W.L. v. State

Decision Date15 April 2015
Docket NumberCourt of Appeals No. A-11483,No. 6169,6169
PartiesW.L., a minor, Appellant, v. STATE OF ALASKA, Appellee.
CourtAlaska Court of Appeals

NOTICE

Memorandum decisions of this Court do not create legal precedent. See Alaska Appellate Rule 214(d) and Paragraph 7 of the Guidelines for Publication of Court of Appeals Decisions (Court of Appeals Order No. 3). Accordingly, this memorandum decision may not be cited as binding authority for any proposition of law.

MEMORANDUM OPINION

Appeal from the Superior Court, Third Judicial District, Anchorage, Michael Spaan, Judge.

Appearances: Josie Garton, Assistant Public Defender, and Quinlan Steiner, Public Defender, Anchorage, for the Appellant. Nancy R. Simel, Assistant Attorney General, Office of Special Prosecutions and Appeals, Anchorage, and Michael C. Geraghty, Attorney General, Juneau, for the Appellee.

Before: Mannheimer, Chief Judge, Allard, Judge, and Hanley, District Court Judge.*

Judge HANLEY.

W.L. was convicted of two counts of second-degree sexual abuse of a minor for conduct involving a five-year-old girl, N.M. W.L.'s convictions were based, in part, on admissions he made to the police during an interview prior to his arrest.

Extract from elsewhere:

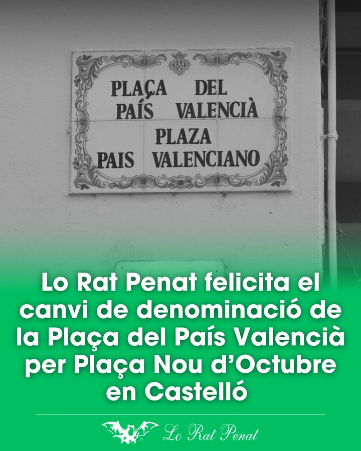👏Lo Rat Penat, entitat centenària dedicada a la defensa de la llengua, la cultura i l’identitat del poble valencià, vol felicitar als partits polítics de l’Ajuntament de Castelló, que han fet possible la substitució de la denominació Plaça del País Valencià per Plaça Nou d’Octubre, aixina com reconéixer públicament la tasca i gestió de l’Associació Cultural Valencianista Cardona Vives de Castelló, que durant anys ha defés esta reivindicació justa i necessària.
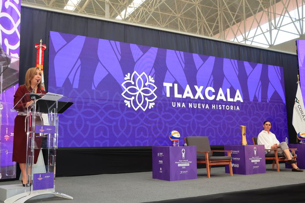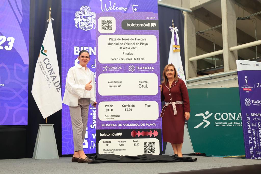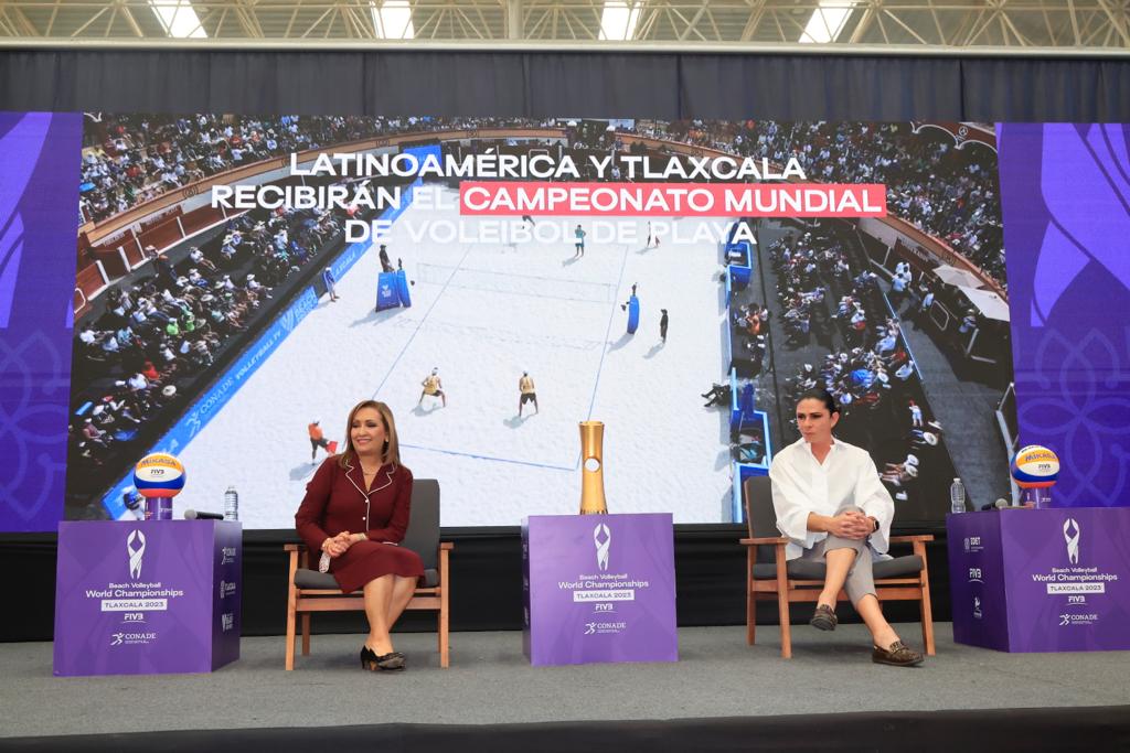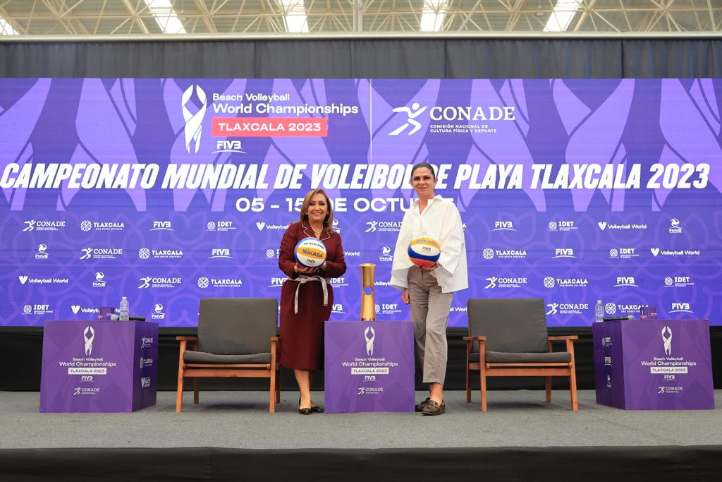 La gobernadora Lorena Cuéllar Cisneros y la directora de la Comisión Nacional de Cultura Física y Deporte (Conade), Ana Gabriela Guevara, presentaron oficialmente el Mundial de Voleibol de Playa Tlaxcala 2023, que se llevará a cabo del 5 al 15 de octubre.

W.L. argues that the superior court should have suppressed his statements to the police because he was in custody when the police interviewed him and he did not receive the warnings required by Miranda v. Arizona.1 He also argues that the interview was coercive and that his statements were involuntary. We find no merit to these claims and affirm the superior court's decision denying W.L.'s motion to suppress.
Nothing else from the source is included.